* Description of the task
Restate the whole of the data below word for word, skipping the images.

━━ Task input

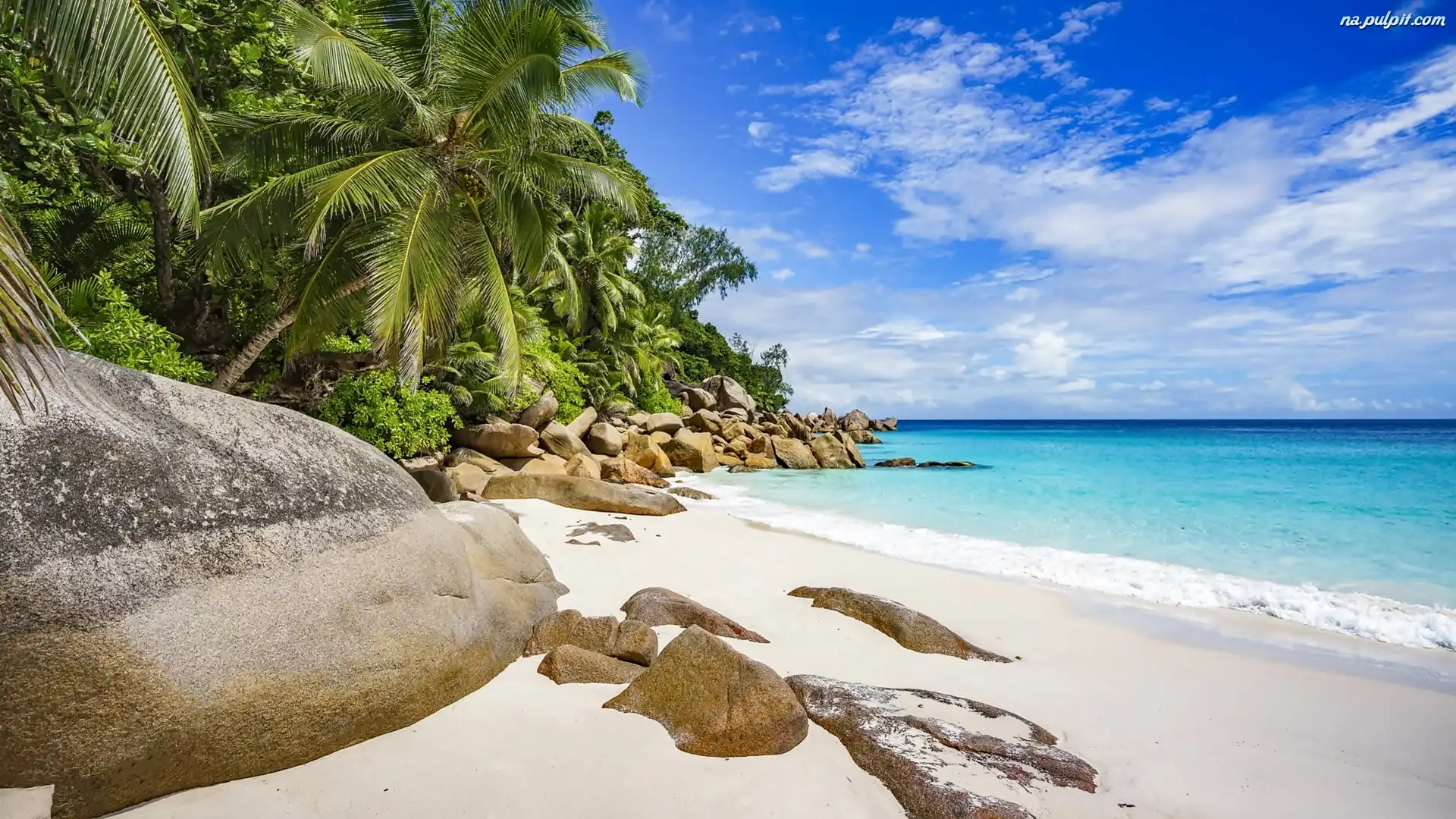 Skały, Wyspa Praslin, Morze, Palmy, Tropiki, Plaża, Seszele, Anse Georgette Na Pulpit
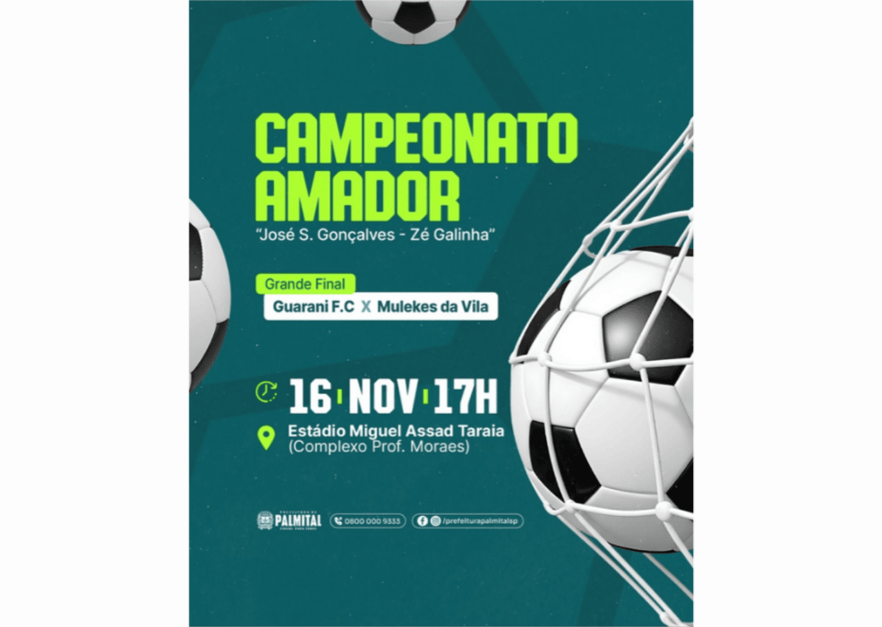 Após quase três meses de disputas e seis equipes em campo, o Campeonato Amador “José Sebastião Gonçalves – Zé Galinha” chega à grande final neste domingo, 16 de novembro, em Palmital. A partida decisiva será entre Guarani F.C. e Mulekes da Vila, às 17h, no Estádio Miguel Assad Taraia (Complexo Prof. Moraes).
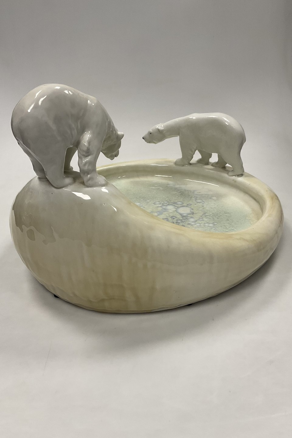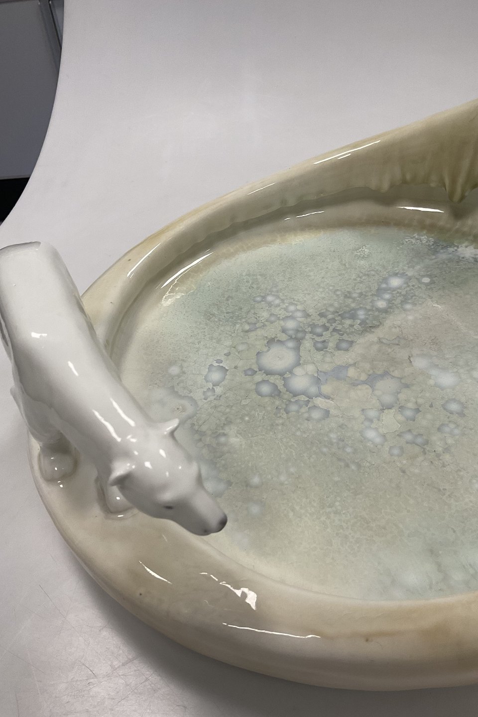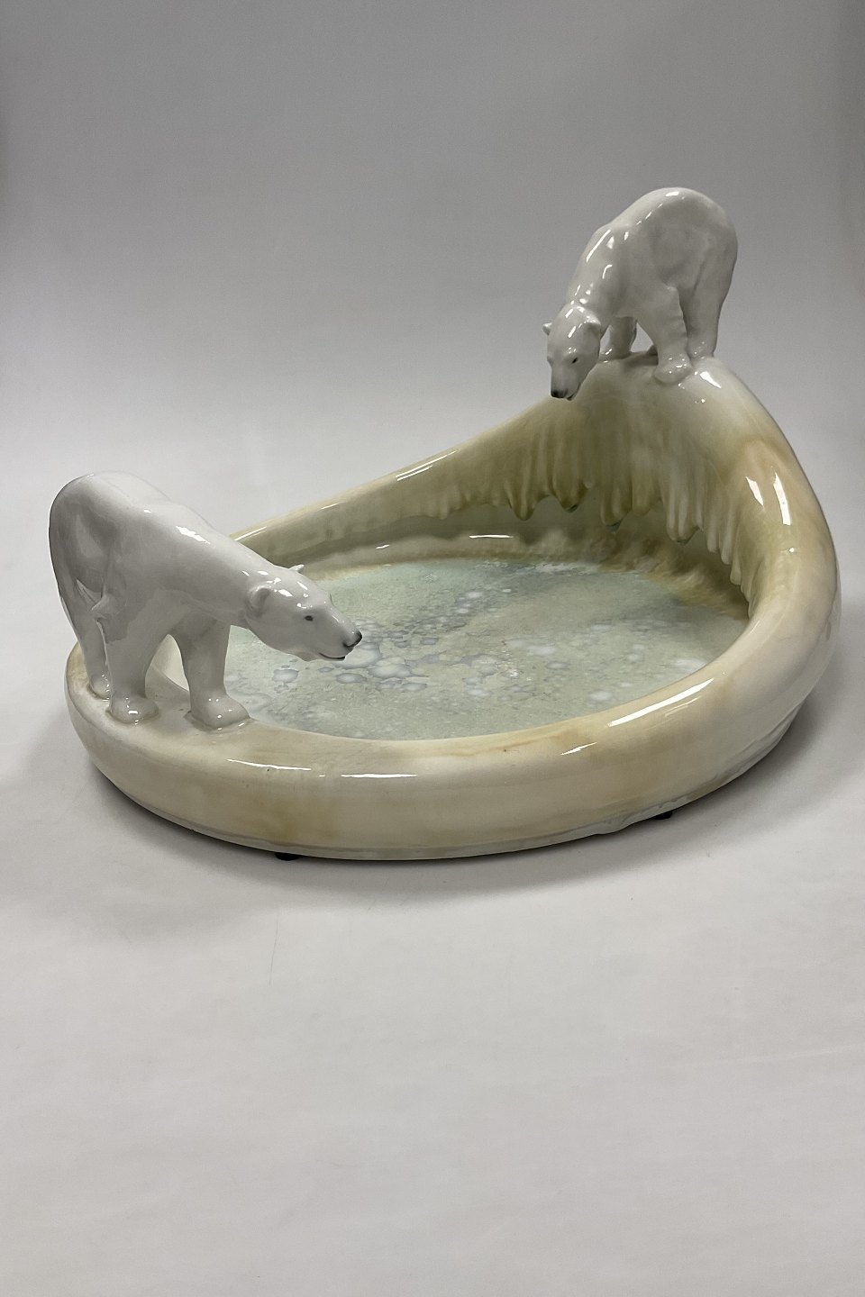 Description: Large Royal Copenhagen Art Nouveau Crystalline Glaze Tray with polar Bears. Designed by Arnold Krog and glaze by Søren Berg "Northpole" from January 1925. Name it got at the world Exhibition in Paris in 1900. In good condition, but does have issues from the oven. Measures 40cm long and 23,5cm high.
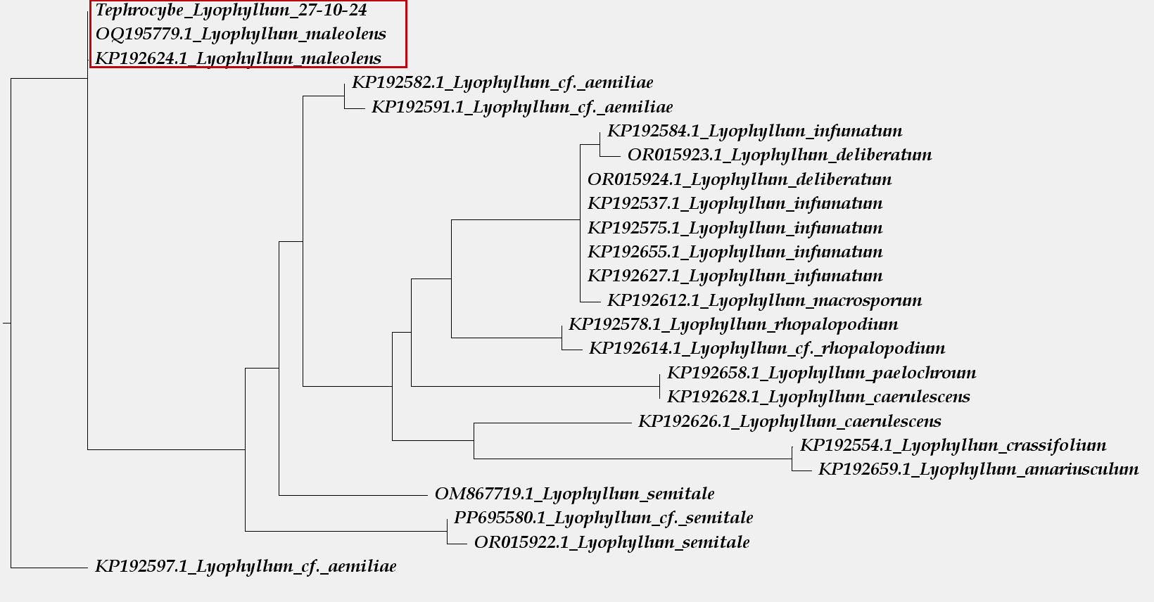 Observaciones: Aunque desde el minuto uno ya tenía muy claro que se trataba de un Lyophyllum / Tephrocybe, utilizando las Claves que suelo usar habitualmente ("Les Champignons de Suisse" y las de "Funga Nordica") no pude encontrar ninguno que se ajustara a los parámetros de este estudio, ya que el Lyophyllum maleolens no aparece en ninguna de las dos Claves, es por lo que mandé las muestras para análisis molecular, la extracción del ADN salió limpia y la secuenciación del gen ITS determinó que se trataba con una coincidencia tanto por cobertura como por identidad del 100%, de Lyophyllum maleolens, añado el árbol filogenético:
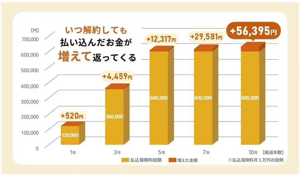 | 「Chakin」は『いつ解約しても払い込んだ保険料が100%以上戻ってくる』『満期まで積み立てればしっかり増える』といった特長がご好評を得ています。 | |||||||||
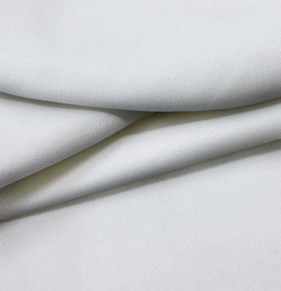 La Lona Oscurante - White Out es un tejido técnico de poliéster de color blanco impreso con un tono gris plata. Este color se logra con una combinación de 22% de tinta Cyan, 15% de tinta Magenta y 13% de tinta Yellow en el CMYK, lo que le brinda un aspecto moderno y elegante.
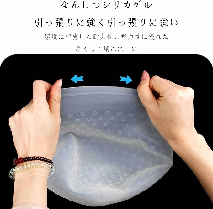 【男女兼用】柔軟性と耐久性のあるシリカゲル素材を採用し、しかも伸縮性があり、男女を問わず、頭周りを問わず使用でき、材質が丈夫で、洗って繰り返し使用することができる。
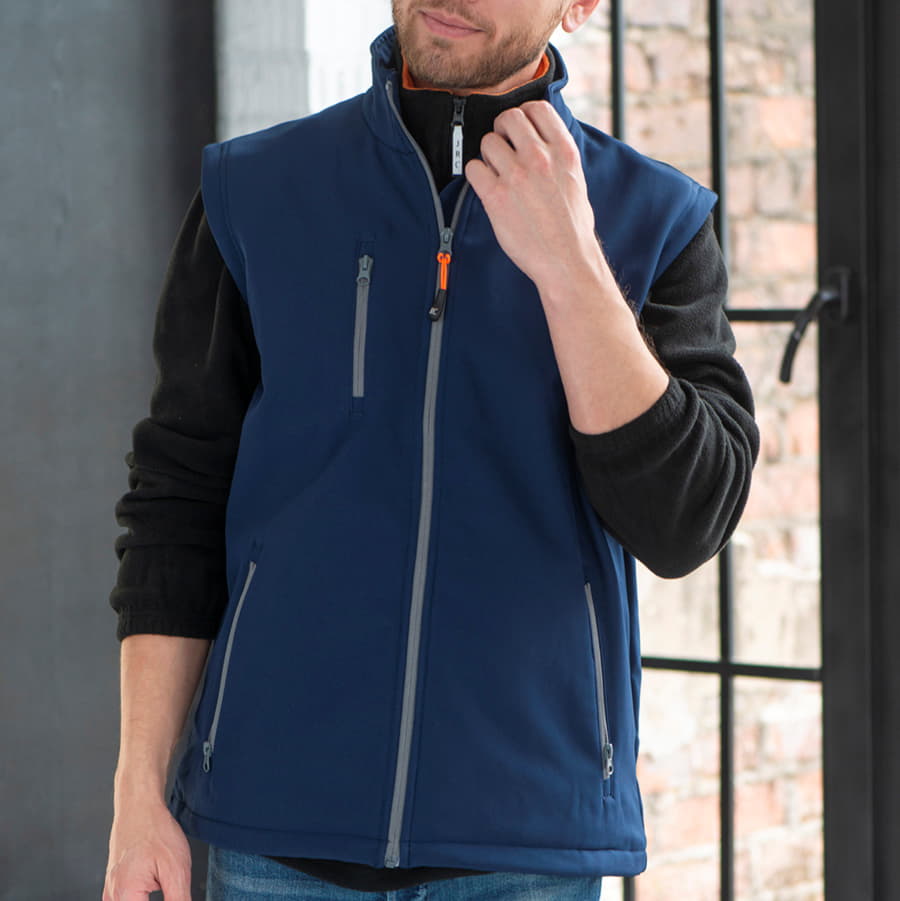 Основная ткань: цвет, близкий к Pantone 289 С, подкладка: цвет, близкий к Pantone 2965 C Двухслойная ткань softshell. Водонепроницаемый и дышащий мужской жилет. Небольшой воротник-стойка. Обратная контрастная пластиковая молния со съемным пуллером. Один нагрудный и два боковых кармана с обратной молнией. Утягивающий шнурок по низу жилета.

━━━━

* Solution to this exercise
 Skały, Wyspa Praslin, Morze, Palmy, Tropiki, Plaża, Seszele, Anse Georgette Na Pulpit
 Após quase três meses de disputas e seis equipes em campo, o Campeonato Amador “José Sebastião Gonçalves – Zé Galinha” chega à grande final neste domingo, 16 de novembro, em Palmital. A partida decisiva será entre Guarani F.C. e Mulekes da Vila, às 17h, no Estádio Miguel Assad Taraia (Complexo Prof. Moraes).
 Description: Large Royal Copenhagen Art Nouveau Crystalline Glaze Tray with polar Bears. Designed by Arnold Krog and glaze by Søren Berg "Northpole" from January 1925. Name it got at the world Exhibition in Paris in 1900. In good condition, but does have issues from the oven. Measures 40cm long and 23,5cm high.
 Observaciones: Aunque desde el minuto uno ya tenía muy claro que se trataba de un Lyophyllum / Tephrocybe, utilizando las Claves que suelo usar habitualmente ("Les Champignons de Suisse" y las de "Funga Nordica") no pude encontrar ninguno que se ajustara a los parámetros de este estudio, ya que el Lyophyllum maleolens no aparece en ninguna de las dos Claves, es por lo que mandé las muestras para análisis molecular, la extracción del ADN salió limpia y la secuenciación del gen ITS determinó que se trataba con una coincidencia tanto por cobertura como por identidad del 100%, de Lyophyllum maleolens, añado el árbol filogenético:
 | 「Chakin」は『いつ解約しても払い込んだ保険料が100%以上戻ってくる』『満期まで積み立てればしっかり増える』といった特長がご好評を得ています。 | |||||||||
 La Lona Oscurante - White Out es un tejido técnico de poliéster de color blanco impreso con un tono gris plata. Este color se logra con una combinación de 22% de tinta Cyan, 15% de tinta Magenta y 13% de tinta Yellow en el CMYK, lo que le brinda un aspecto moderno y elegante.
 【男女兼用】柔軟性と耐久性のあるシリカゲル素材を採用し、しかも伸縮性があり、男女を問わず、頭周りを問わず使用でき、材質が丈夫で、洗って繰り返し使用することができる。
 Основная ткань: цвет, близкий к Pantone 289 С, подкладка: цвет, близкий к Pantone 2965 C Двухслойная ткань softshell. Водонепроницаемый и дышащий мужской жилет. Небольшой воротник-стойка. Обратная контрастная пластиковая молния со съемным пуллером. Один нагрудный и два боковых кармана с обратной молнией. Утягивающий шнурок по низу жилета.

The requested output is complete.